Independent newsrooms are dismissed as partisan actors. Civil society groups are caricatured as political proxies. The objective is clear: if criticism cannot be disproved, discredit the critic.
Language matters. Labels matter. Repetition matters.
When public figures and media platforms reduce critics to enemies, traitors or partisan operatives, they do more than score political points. They contribute to an environment in which harassment becomes normalised and intimidation becomes acceptable.
This is not a uniquely Maltese phenomenon. Across democracies experiencing democratic backsliding, the playbook is strikingly similar: undermine independent institutions, delegitimise the press, personalise criticism and mobilise supporters against perceived opponents.
But Malta should know better because it has already lived through the consequences.
The grotesque images shared online about activist Robert Aquilina this week are not isolated incidents. They are part of a continuum that stretches back years, to the hateful depictions of Daphne Caruana Galizia as a witch, a traitor and a public enemy.

Those images were not harmless satire. They were designed to incite contempt, dehumanise their target and legitimise hostility.
The public inquiry into Daphne Caruana Galizia’s assassination reached a devastating conclusion: the State created a culture of impunity that enabled her murder.
It found that the collapse of standards in public life, combined with the failure of institutions to protect journalists and uphold the rule of law, created the conditions that made her assassination possible.
That finding was not solely about one journalist or one horrific crime. It was a warning.
It warned of the dangers that emerge when those in power tolerate, encourage or exploit campaigns of vilification against critics.

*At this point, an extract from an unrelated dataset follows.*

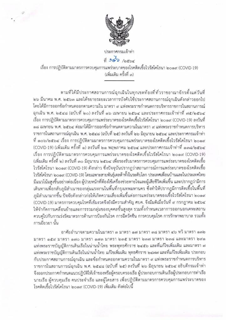 ทั้งนี้เพื่อเป็นการยกระดับการดำเนินมาตรการเฝ้าระวังป้องกันโรคที่สอดคล้องกับข้อกำหนดดังกล่าว สำนักงานการบินพลเรือนแห่งประเทศไทยจึงออกประกาศกำหนดแนวปฏิบัติ ดังนี้ 1. ให้ยกเลิกประกาศสำนักงานการบินพลเรือนแห่งประเทศไทย เรื่อง แนวปฏิบัติสำหรับ ผู้ประกอบการสนามบินและผู้ดำเนินการเดินอากาศในเส้นทางการบินภายในประเทศในระหว่างสถานการณ์ การระบาดของโรคติดเชื้อไวรัสโคโรนา 2019 (COVID-19) ประกาศ ณ วันที่ 17เมษายน พ.ศ.2564 และ ให้ใช้ประกาศฉบับนี้แทน

It warned that persistent dehumanisation has consequences. And it warned that democratic institutions become fragile when citizens are taught to see accountability as sabotage.
Yet little suggests that those lessons have been learned. And the Labour Party in government has ensured that the recommendations by the three Judges were never implemented.
Even today, some continue to insist that Caruana Galizia “deserved” what happened to her. Such statements are not merely offensive; they represent a rejection of the inquiry’s findings and a refusal to confront the political culture that made tragedy possible.
More worrying still is the evidence that this behaviour was never solely about Caruana Galizia. It is a modus operandi deployed against anyone who dares to ask difficult questions.
That reality also raises uncomfortable questions for the Opposition.
An effective opposition does not distance itself from independent voices that hold the government to account. It does not allow ruling parties to monopolise narratives or isolate critics. It recognises that civil society, investigative journalism and engaged citizens are not substitutes for political opposition but essential partners in democratic oversight.
Malta needs an Opposition willing to oppose, not merely react.
Above all, it needs to remember that individuals exercising their democratic rights should never be left to stand alone. When journalists, activists and ordinary citizens become isolated targets, they become more vulnerable to intimidation and abuse.
The country has already paid the price for indifference. It cannot afford to make the same mistake again.